[[ Exercise input open ]]

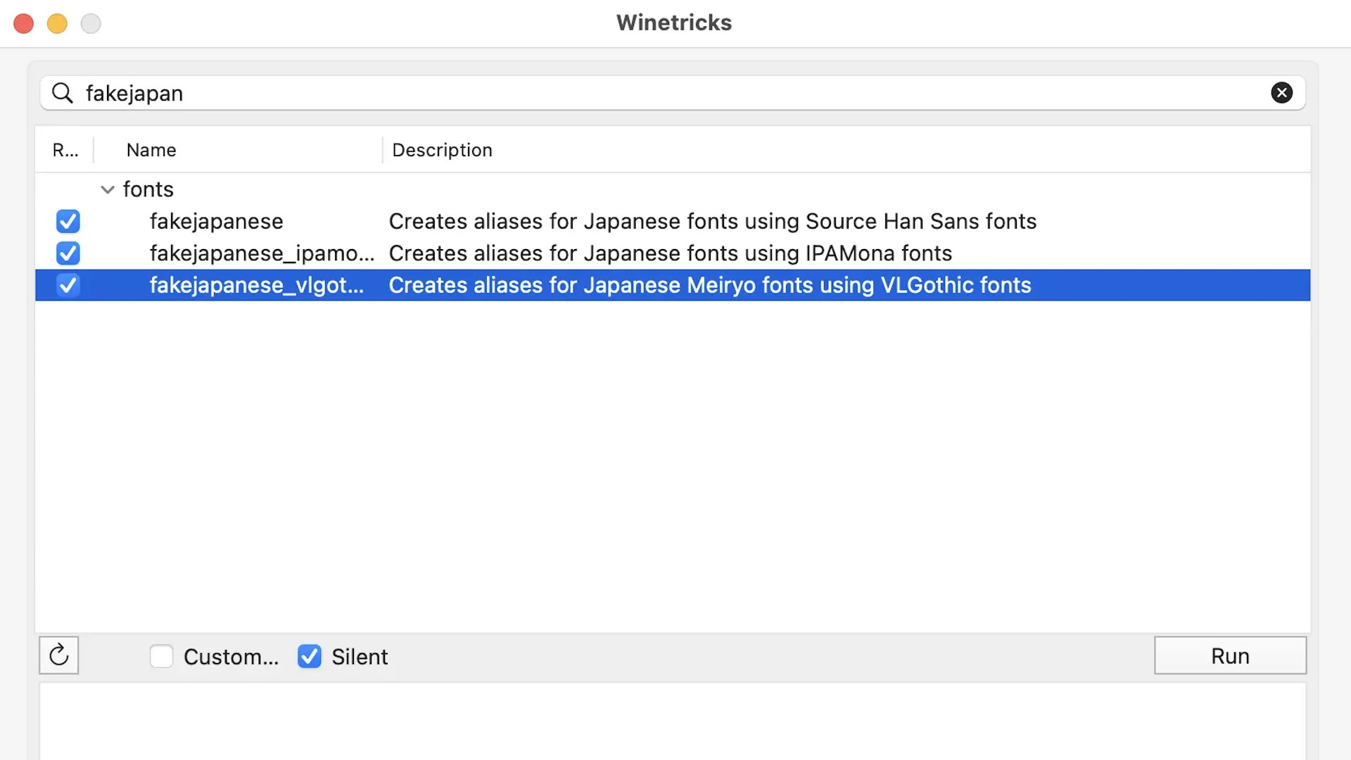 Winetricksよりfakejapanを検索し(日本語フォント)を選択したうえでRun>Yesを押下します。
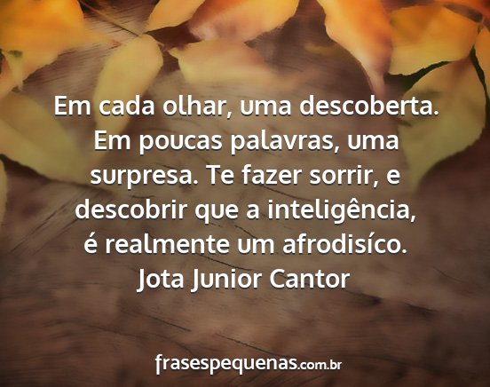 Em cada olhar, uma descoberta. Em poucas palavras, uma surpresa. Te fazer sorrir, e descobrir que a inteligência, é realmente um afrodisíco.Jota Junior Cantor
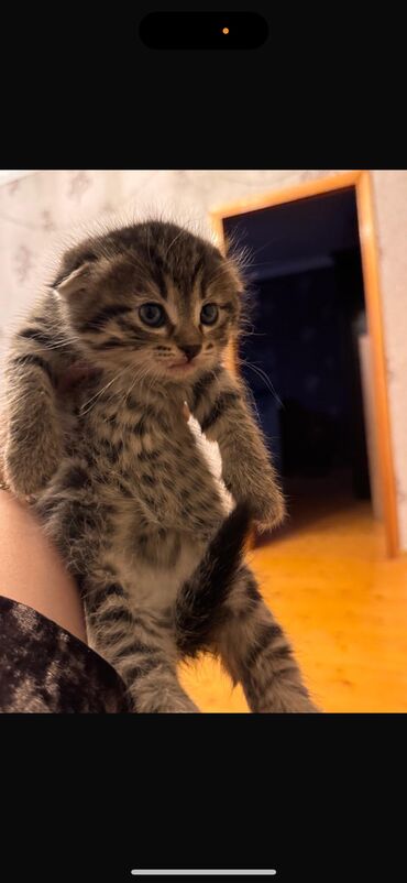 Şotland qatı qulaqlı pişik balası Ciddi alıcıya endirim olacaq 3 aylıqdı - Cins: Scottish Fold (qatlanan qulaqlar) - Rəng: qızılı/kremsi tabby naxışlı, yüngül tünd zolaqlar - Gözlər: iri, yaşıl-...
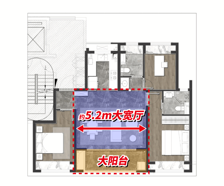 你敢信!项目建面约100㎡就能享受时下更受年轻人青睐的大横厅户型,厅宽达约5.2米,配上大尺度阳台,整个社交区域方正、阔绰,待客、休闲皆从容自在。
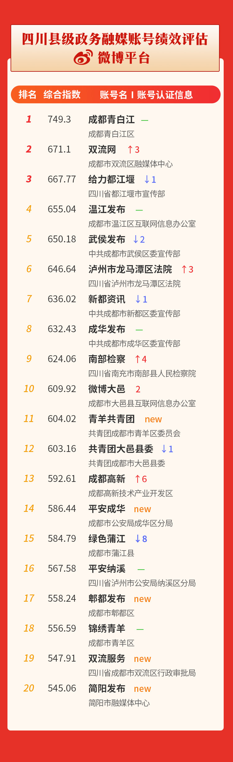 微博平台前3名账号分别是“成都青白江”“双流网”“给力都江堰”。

[[ Exercise input closed ]]
[[ Exercise input open ]]

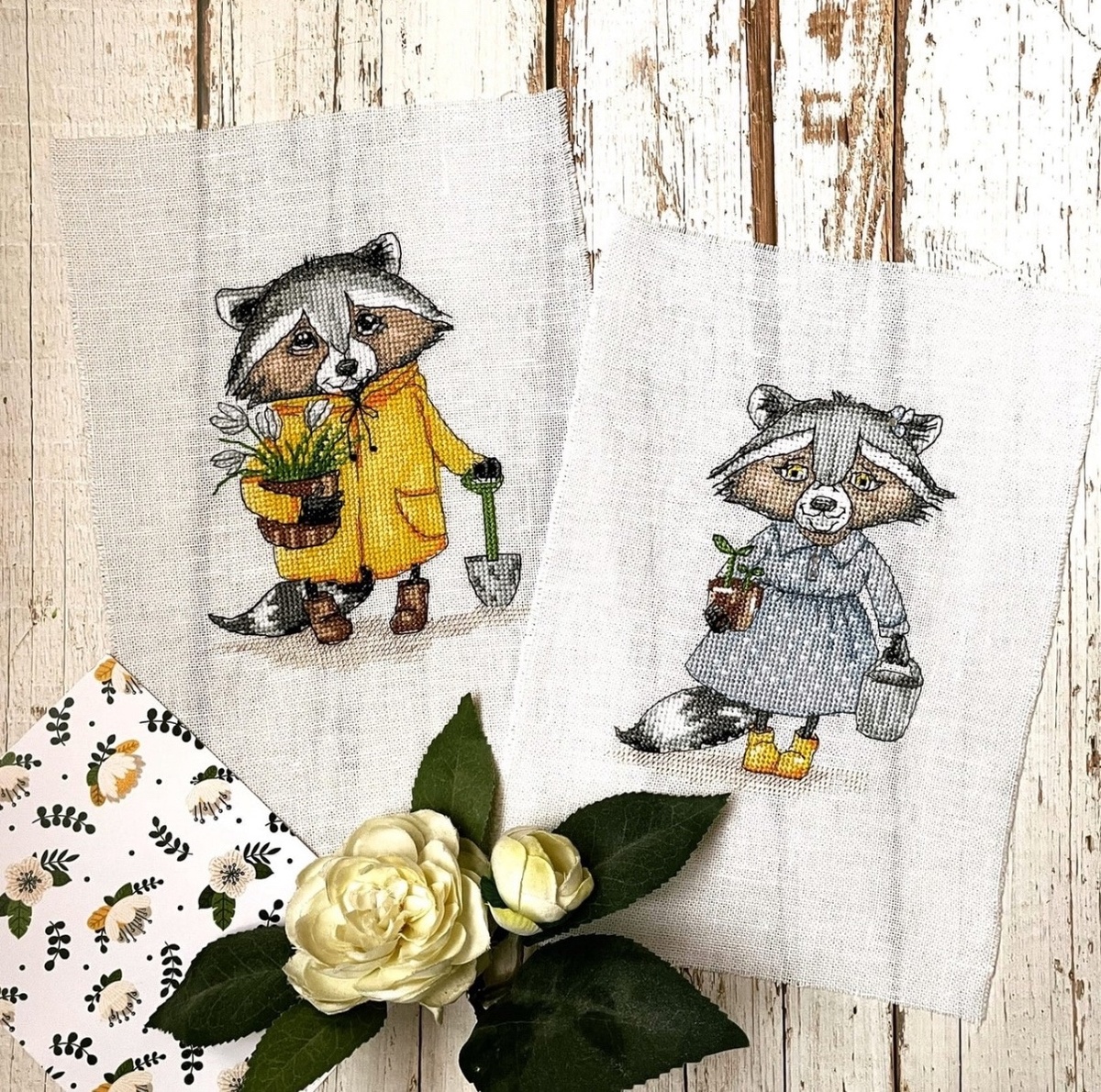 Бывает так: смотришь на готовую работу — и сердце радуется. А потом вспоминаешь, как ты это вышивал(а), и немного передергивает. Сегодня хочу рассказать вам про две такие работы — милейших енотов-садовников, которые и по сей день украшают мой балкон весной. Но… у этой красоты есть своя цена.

[[ Exercise input closed ]]

■ Exercise description: Above are records; write out the lines from the one with "Winetricksよりfa" down to the one with "Em cada olhar, uma", exactly, leaving the pictures out.

■ Answer space:
 Winetricksよりfakejapanを検索し(日本語フォント)を選択したうえでRun>Yesを押下します。
 Em cada olhar, uma descoberta. Em poucas palavras, uma surpresa. Te fazer sorrir, e descobrir que a inteligência, é realmente um afrodisíco.Jota Junior Cantor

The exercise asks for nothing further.